Stand on artificial ripening

Sapre said Devgad Taluka Amba Utpadak Sahakari Sanstha Maryadit was totally against the use of any chemical to ripen the fruit, because there is no need to do so as it diminishes the quality of the fruit. He added, “Instead, we ripen the fruit naturally using hay, and that is why the quality is superior. In fact, it is because of this that we are in a position to command a certain price.”

“The issue of artifical ripening has cropped up because of the weird manner in which the market is structured. Mangoes that come into the market first fetch a higher price. This brings in a tendency among traders to pull in the fruit as soonas possible from the farmers, ripen them artificially and sell them off equally fast. To do so, calcium carbide – a banned product, because it is known to cause cancer and is therefore unfit for human consumption – is used,” he said.

“A point that must be noted is that calcium carbide does not really 'ripen' mangoes. Customers must understand that ripening is a bio-chemical reaction. When the fruit reaches it maturing stage, it starts producing ethylene gas, which slowly breaks down the acids in the fruit, and converts starch into sugar. It is not humanly possible to accelerate this natural biochemical reaction in the fruit,” Sapre explained.
“What calcium carbide does to mangoes is that it produces acetylene gas, which creates heat. When generated from calcium carbide, acetylene contains toxic impurities. The main application of acetylene is in welding and as a fuel, and it affects the neurological system. When acetylene fills up the box of mangoes, it heats them from outside and then the mangoes start losing their green colour and turn yellow from outside,” he added.

Sapre said, “The mangoes do turn yellow, but do not ripen.
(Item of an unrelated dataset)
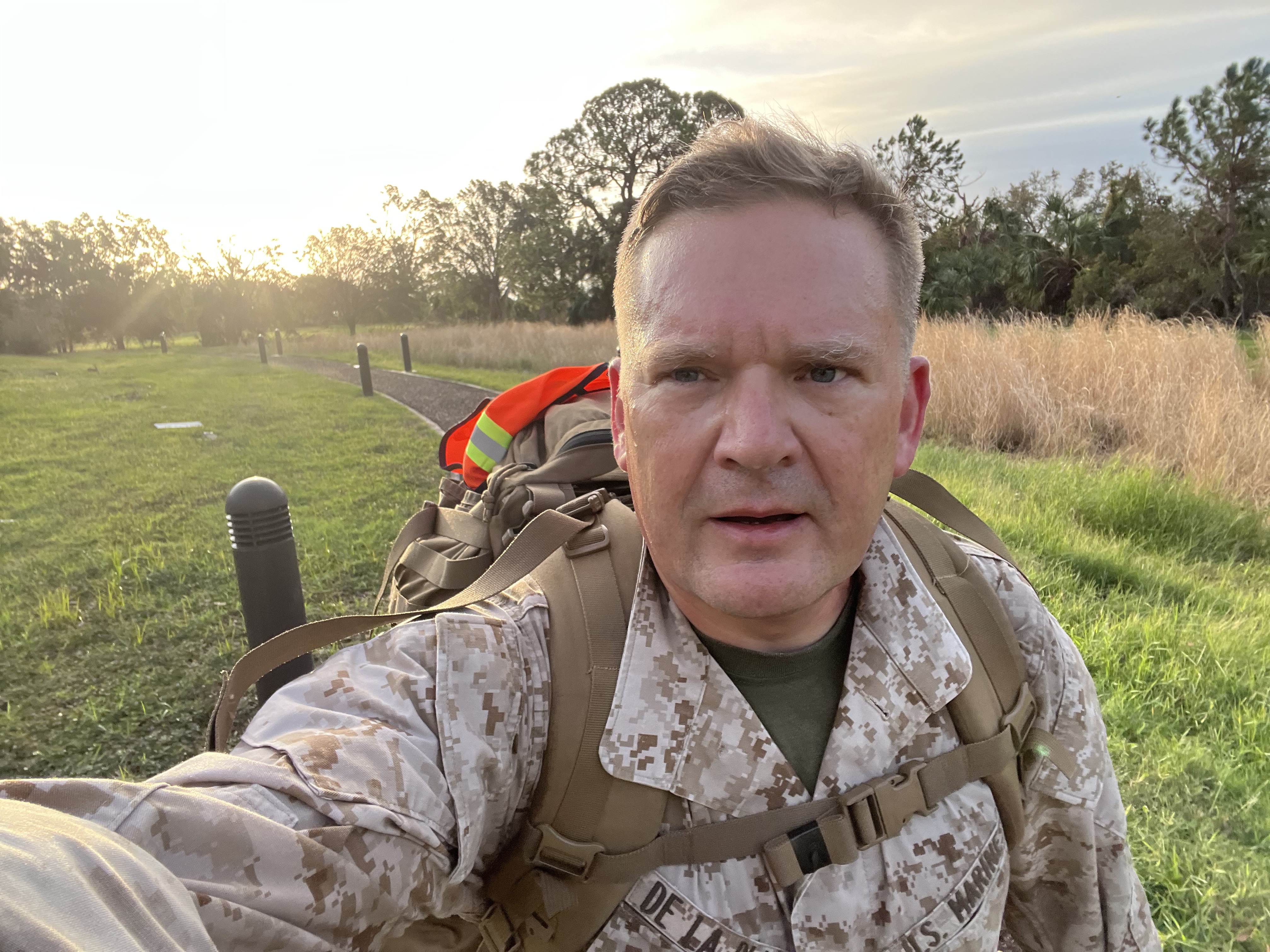 The final event was a 12-mile ruck in under four hours. The previous Saturday, I had completed ten miles in two hours and thirty minutes, so I was confident I would succeed. I woke at 0440 and limped downstairs to don my desert MARPAT uniform and Danner Reckoning boots. A bit out of uniform, I rolled up my sleeves twice, revealing my smartwatch on one wrist and my Strenuous Life motto wristband on the other that reminded me: DO HARD THINGS.

Some starch near the skin of mangoes is broken into sugar and then mangoes take a uniform yellow colour. To the customers, the mangoes look yellow, so they think it is ripe and buy it at whatever cost. However, the taste is not what the customer has paid for. Such mangoes taste pathetic.”
“Another problem for us is that almost all mangoes that look like Alphonso are sold in the market as Devgad and Ratnagiri. Now people have heard the names of these two talukas producing mangoes of top quality. When people eat such artificially-ripened mangoes thinking that they must belong to either of these talukas, and more so to Devgad, and the mangoes taste pathetic, our name takes a beating. These people do not want to buy Devgad mangoes later on, based on the fake mangoes they have eaten. So essentially the loss from artificially ripened mangoes is not just financial but all around,” he added.

Processors' viewpoint

Pavankumar Agarwal, director (commercial), Shree Mahalaxmi Agro Farms Pvt Ltd – which deals in Alphonso mangoes and their pulp – said, “We are exporters. While our products are in great demand all over the globe, Canada is a significant importer, and the company is currently in negotiations with the buyers.”
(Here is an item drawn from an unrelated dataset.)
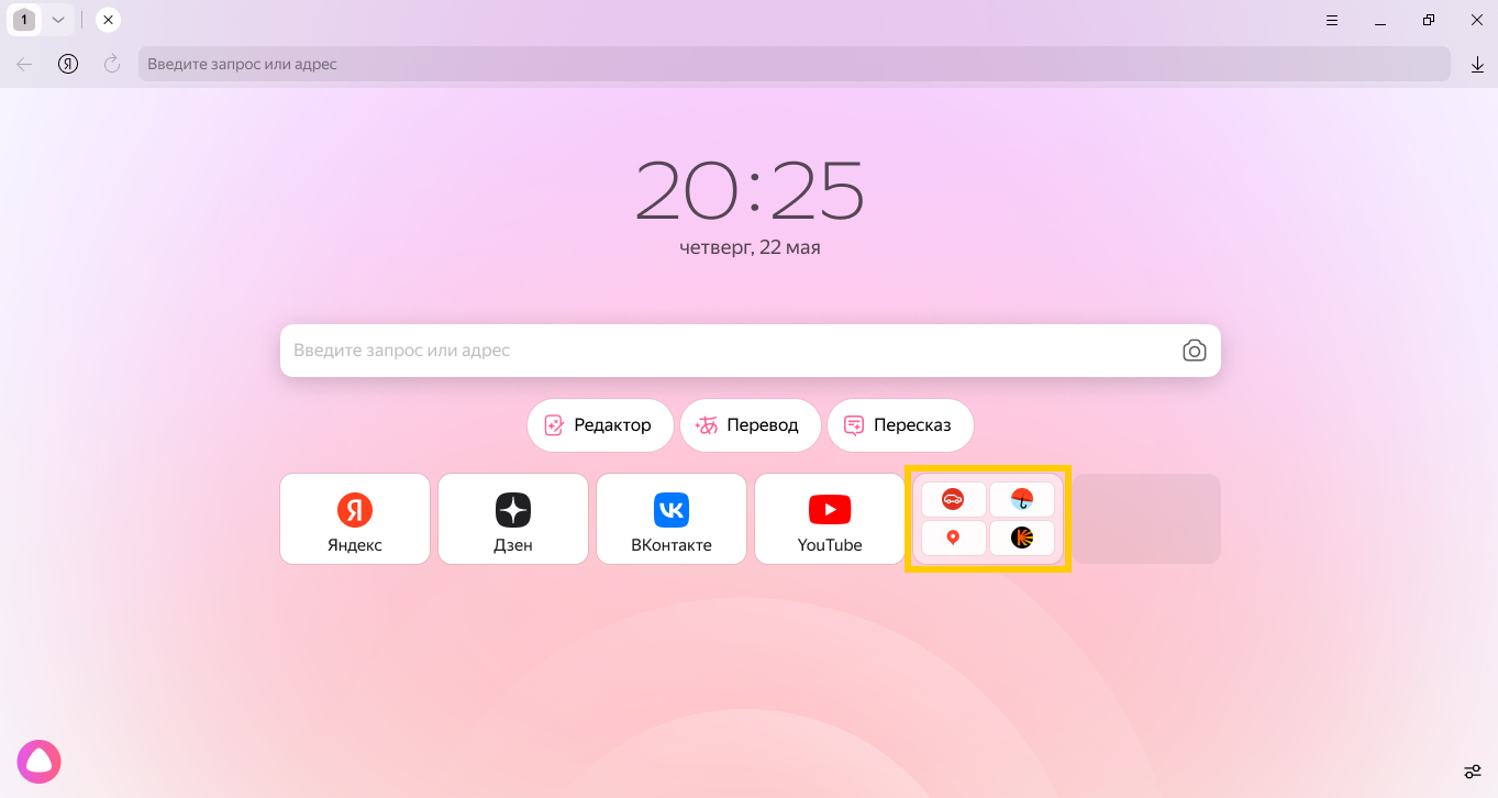 Когда вы открываете новую вкладку или нажимаете Умную строку, появляется Табло. Это панель с плитками — виджетами сайтов, которые вы чаще всего посещаете. По умолчанию на Табло установлены плитки некоторых сервисов Яндекса.

“In fact, we showcased our products at various international trade fairs, including Gulfood in Dubai, Foodex in Japan and IEF (the United Kingdom), and were present at the APEDA show as well. We own a global GAP and ISO 22000:2005-certified Alphonso mango orchard with in-house pulping and canning lines and tube-in-tube technology,” he said.

Agarwal agreed with Sapre that farmers have not got a fair deal and that the government has to look into the same with an eye on the long-term prospects for the sector. He said, “Farmers can get a good price for their product only when marketing committee charges and brokers' commissions at yards are kept in check.”

As far as the problems it faces are concerned, he said, “Improper infrastructure is a key issue. Transportation is inaequate and climate-controlled distribution hubs need to be developed.”

When quizzed about artificial ripening, Agarwal stated, “Artificial ripening as per global GAP practices is acceptable, but using hazardous chemicals to ripen the mangoes is creating a shift to the other varieties available. The Food Safety and Standards Authority of India (FSSAI) and Food and Drug Administration (FDA) Maharashtra have to look into it at the market (point of sales) level.”